Analysis of cell fate choice regulation in organiser/primitive streak stem cells and neuroectoderm progenitors.

The body axis, backbone and spinal cord are formed very early in development; during the first month of pregnancy in humans, between days 8 and 12 of development in the mouse and between days 1 and 4 in the chick. These structures form from a group of cells called axial progenitors that are similar to stem cells. Stem cells have two essential properties: they can divide to give more copies of themselves and they can produce a variety of specialised cell types in a process called differentiation. Disruption to the genes that regulate the functions of these particular progenitor cells, in animal models or human pathologies, causes a loss of axial tissue development, loss of patterning of the spinal cord, and can lead to severe holoprosencephaly or lethality of embryos. These tissues and processes are thus of fundamental importance to the developing embryo and a detailed understanding of how they develop and the molecules mediating their respective functions is crucial both to the understanding of embryo development and the generation of means of treating embryonic defects.
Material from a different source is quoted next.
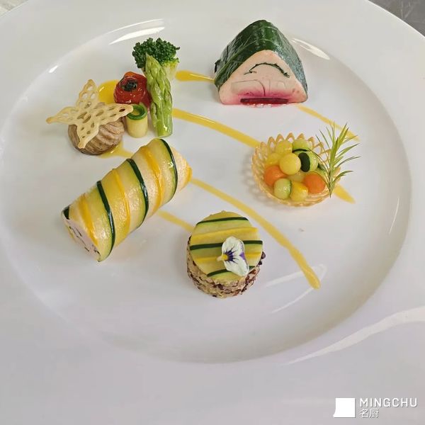 虾肉慕斯 双色节瓜卷 脆盏炒蔬菜球 三色藜麦 时蔬 鲜橙少司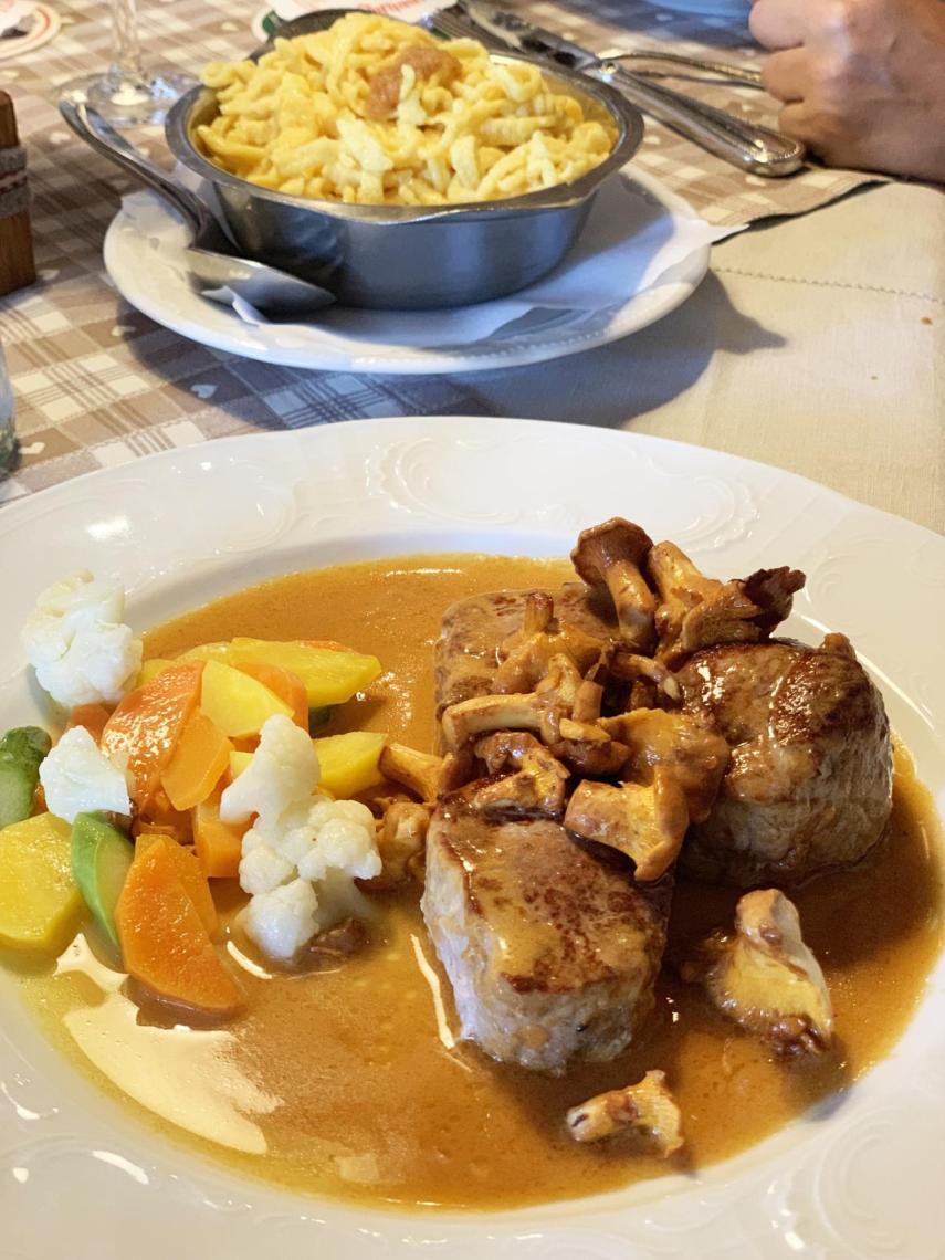 Otro de los platos más reseñables del restaurante, es la carne de cerdo con setas de temporada y späetzle, un tipo de pasta muy conocida en Alemania que se suele tomar como acompañamiento de platos de carne o como plato único. También sirven otras carnes como el chateaubriand, el escalope de ternera a la manera suiza o venado. De postre, no olvides probar su tarta Selva Negra, muchos la consideran como una de las mejores de la región.

It is vitally important for the developing embryo that the right number of these axial progenitor cells chooses to differentiate into each of the specialised cell types so that the embryo develops into the right size and shape. We aim to understand what molecules make these cells choose which cell type to differentiate into. To date, very little was known about what regulates the cell fate choice of these particular stem cell-like progenitors. We have recently identified a key molecular pathway regulating this event and we plan to investigate the biochemical basis of this regulation.
In mice, unlike Embryonic Stem cells, these cells do not form malignant tumours when transplanted into adults and may therefore become a useful therapeutic cell type for degenerative diseases and injuries involving the spinal cord, and the back bone.

A fundamental challenge in stem cell biology is to understand how cells acquire distinct fates. During early vertebrate embryogenesis a stem cell-like progenitor population located in a structure called the primitive streak gives rise to structures that run the length of the body, notably, the neural tube (future spinal cord) and somites (future muscle and skeleton). The organizer is a specialised structure at the anterior tip of the primitive streak. Stem cell-like progenitors located in the organiser give rise to two specific tissues namely the floor plate, which lies in the ventral floor of the neural tube and the notochord, a rod of mesoderm lying directly below the floor plate. The floor plate and notochord provide a critical signal, sonic hedgehog, which patterns the neural tube regulating where and when distinct neuronal subtypes differentiate. The organiser/primitive streak are thus of fundamental importance to the developing embryo and a detailed understanding of the molecular mechanism that regulates allocation of appropriate numbers of these stem-like progenitor cells to these various embryonic tissues is crucial both to the understanding of embryogenesis and the generation of means of treating embryonic defects. Very little is known about which signalling pathways regulate cell fate choice among these progenitors in amniote embryos. We have recently shown Notch regulates cell fate choice in the organiser. We identified a second novel role for Notch which is to influence cell fate decisions of neural progenitors (by modifying their competence to respond to SHH), and thereby affect dorsoventral patterning of the neural tube.
We aim to 1) Identify which pathways Notch interacts with in the organiser to ensure appropriate numbers of cells adopt each fate. 2) Establish if Notch also regulates cell fate choice in the adjacent primitive streak stem-like progenitors. 3) Investigate how Notch regulates the response of neuroectodermal cells to the morphogen Shh. 4) We will determine if these are conserved roles in higher vertebrates. The analyses will involve gain and loss of function assays treating progenitors to pharmacological reagents or electroporation of relevant constructs followed by grafting progenitors to a host embryo. We will then lineage trace the derivatives of the treated progenitors. We have also devised a screen using Next Generation Sequencing technology to identify pathways regulating these cell fate choices. For the Notch-Shh interplay we will analyse the effect of Notch misexpression on components of the Shh pathway known to affect efficacy of signal transduction.